A comparative study of NeuralODE and Universal ODE approaches to solving Chandrasekhar White Dwarf equation

TL;DR

This paper compares Neural ODEs and Universal Differential Equations in modeling the Chandrasekhar White Dwarf Equation, demonstrating their effectiveness in prediction and forecasting, and introducing a new forecasting breakdown metric.

Contribution

It systematically applies Neural ODEs and UDEs to an important astrophysical ODE, providing insights into their forecasting capabilities and hyperparameter optimization.

Findings

Both Neural ODEs and UDEs effectively model CWDE.

Introduction of the forecasting breakdown point metric.

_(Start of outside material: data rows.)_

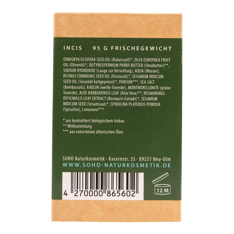 - Handmade in Germany – Our SOHO Naturkosmetik soaps are made with love in our soap factory in Bavaria. For our soaps use only natural ingredients without synthetic additives. Our soaps are vegan, plastic free, palm oil free and sustainable. Our soaps are deliberately not rounded to avoid waste.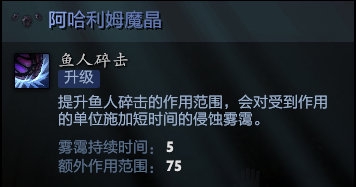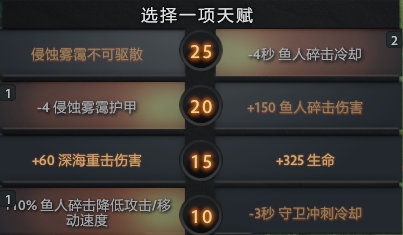 在天赋方面10级选择-3秒守卫冲刺冷却,15级根据情况选择+60深海重击伤害还是+325生命,20级选择我们的关键天赋+150鱼人碎击伤害,25级选择侵蚀雾霭不可驱散。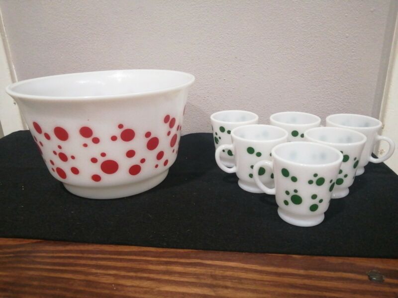 Title (ebay affiliate link): Hazel Atlas Milk Glass with Red Polka Dots Punch Bowl Awesome!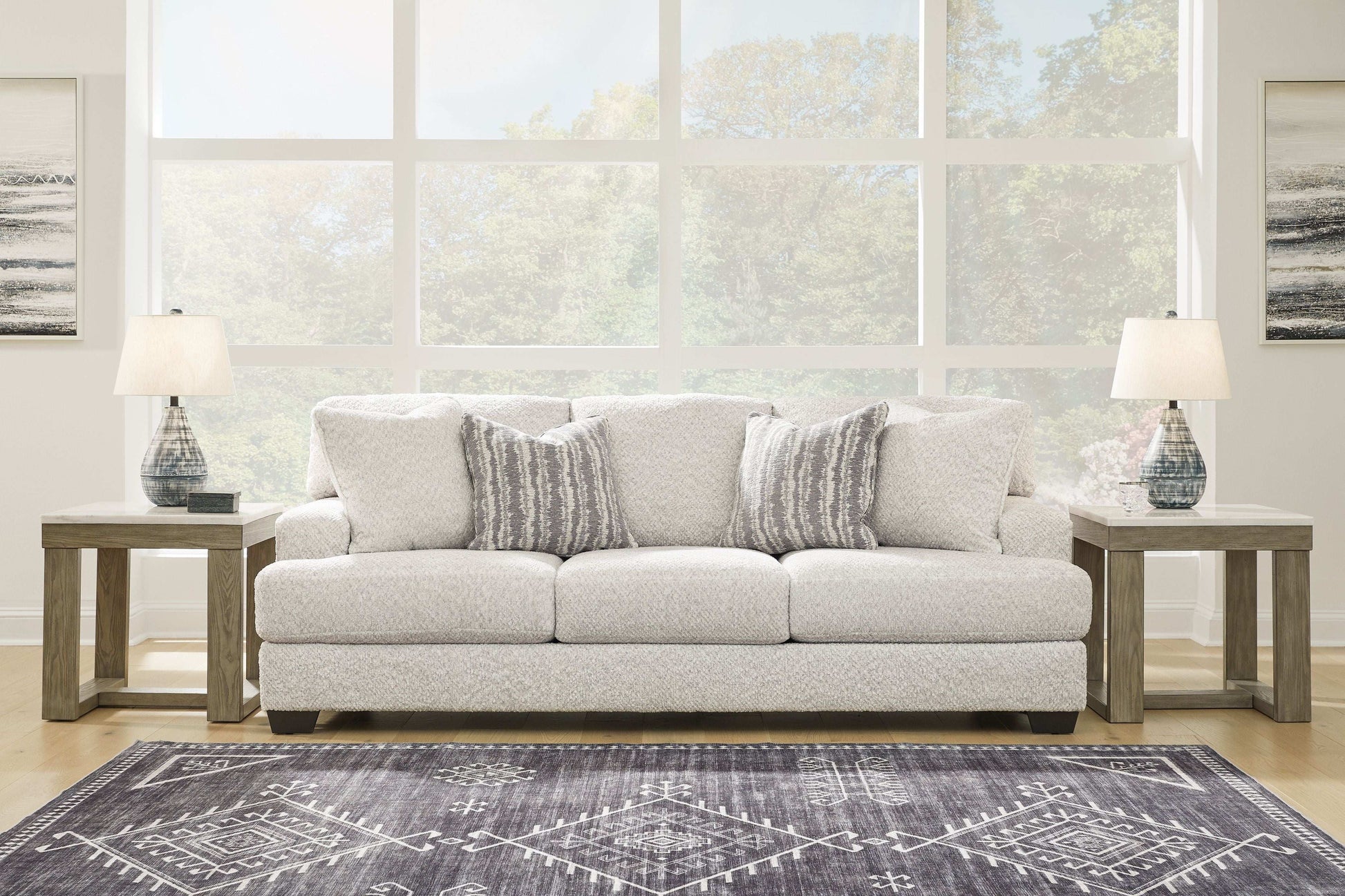 This sofa speaks to those drawn to fresh, contemporary style with richly neutral appeal. Wrapped in a wonderfully plush fabric loaded with multi-tonal interest, this on-trend piece has a warm, welcoming charm. Coordinating accent pillows add to the indulgence. Kick back, relax and settle in for comfort with this cool addition for modern spaces.

Hyperparameter optimization improves model performance.

Abstract

In this study, we apply two pillars of Scientific Machine Learning: Neural Ordinary Differential Equations (Neural ODEs) and Universal Differential Equations (UDEs) to the Chandrasekhar White Dwarf Equation (CWDE). The CWDE is fundamental for understanding the life cycle of a star, and describes the relationship between the density of the white dwarf and its distance from the center. Despite the rise in Scientific Machine Learning frameworks, very less attention has been paid to the systematic applications of the above SciML pillars on astronomy based ODEs. Through robust modeling in the Julia programming language, we show that both Neural ODEs and UDEs can be used effectively for both prediction as well as forecasting of the CWDE. More importantly, we introduce the forecasting breakdown point - the time at which forecasting fails for both Neural ODEs and UDEs. Through a robust hyperparameter optimization testing, we provide insights on the neural network architecture, activation functions and optimizers which provide the best results. This study provides opens a door to investigate the applicability of Scientific Machine Learning frameworks in forecasting tasks for a wide range of scientific domains.